Real wages in Türkiye rose 7.1% year over year in the first quarter of 2026, the second-fastest increase among OECD countries after Hungary's 14.2% and well above the OECD average of 2.2%, according to the OECD's Employment Outlook 2026.
Türkiye also posted the strongest nominal wage growth among OECD members during the January-March period, with wages rising 40.3% year over year, while annual consumer inflation stood at 31%, the highest in the bloc.
The gap becomes even more pronounced over a longer period. Between the first quarter of 2021 and the first quarter of 2026, cumulative real wage growth in Türkiye reached 78.6%, compared with an OECD average of 4.9%.
That made Türkiye the top-performing OECD economy over the five years, with cumulative real wage growth nearly 16 times the organization-wide average.
Hungary ranked a distant second with cumulative real wage growth of 30.5% between the first quarter of 2021 and the first quarter of 2026. Poland followed at 18.0%, ahead of Mexico at 15.3%. Greece (13.1%), Israel (12.7%), Spain (11.8%), and Korea (10.9%) also recorded double-digit gains, though all remained well behind Türkiye's 78.6% increase.

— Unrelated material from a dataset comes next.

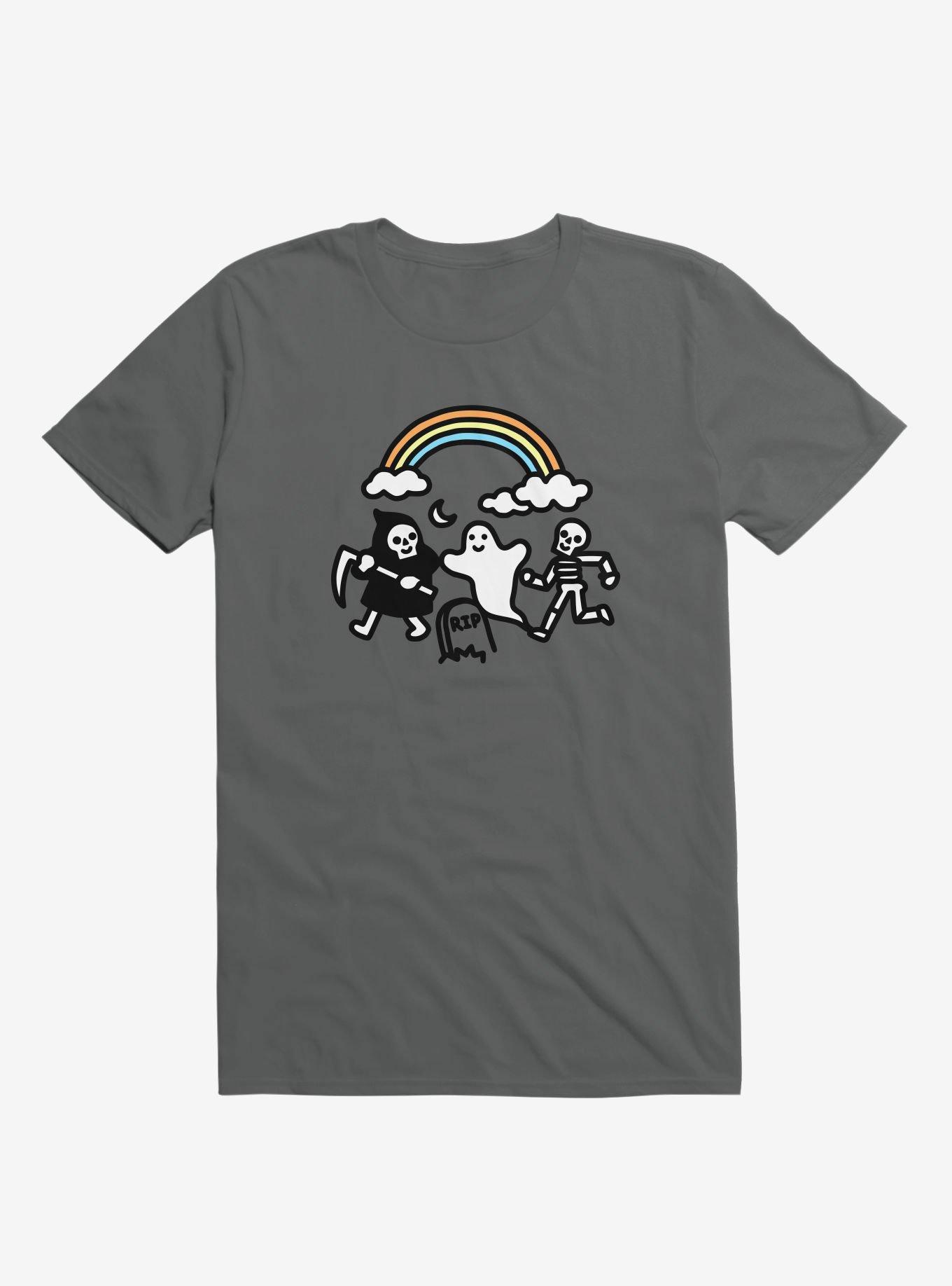 Grim Reaper doodle? Spooky. Headstone doodle? Spooky. Ghost doodle? Spooky. Skeleton doodle? Spooky. Uhh... rainbow doodle? SUPER spooky. (Wink.) This lightweight asphalt grey tee features a graphic that's about 90% creepy. Officially licensed art from Obinsun.

At the other end of the ranking, Australia, Czechia, New Zealand, Finland, Ireland, Italy and Chile had yet to recover the purchasing power workers held before the post-pandemic inflation surge.
The OECD said labor markets across member countries remained resilient despite mounting global uncertainty. Average employment reached a record 72.1% in the first quarter of 2026, while labor force participation climbed to 76.7% and the unemployment rate stood at 4.9% in May.
At the same time, the organization warned that cracks are beginning to emerge.
"Labour markets have continued to show resilience, but new signs of weakening emerged over the past year," the report said, citing rising unemployment, slower employment and labor force participation growth, easing labor shortages, and weaker real wage growth.
Annual real wage growth across the OECD slowed to 2.2% in the first quarter from 2.7% a year earlier, and about two-thirds of member countries posted weaker gains than in the same period of 2025.
Despite the recovery, workers in roughly one-third of OECD economies still had inflation-adjusted wages below early-2021 levels, meaning they have yet to fully recover the purchasing power lost during the post-pandemic inflation shock.
The report also highlighted growing challenges for young people entering the labor market. While labor shortages continued to ease, structural shortages persist in many sectors, labor productivity growth has slowed, and unemployment among young entrants has risen relative to the broader working-age population.
Looking ahead, the OECD warned that geopolitical uncertainty, elevated tariff rates and higher energy costs are expected to fuel inflation and further slow labor market and wage recovery.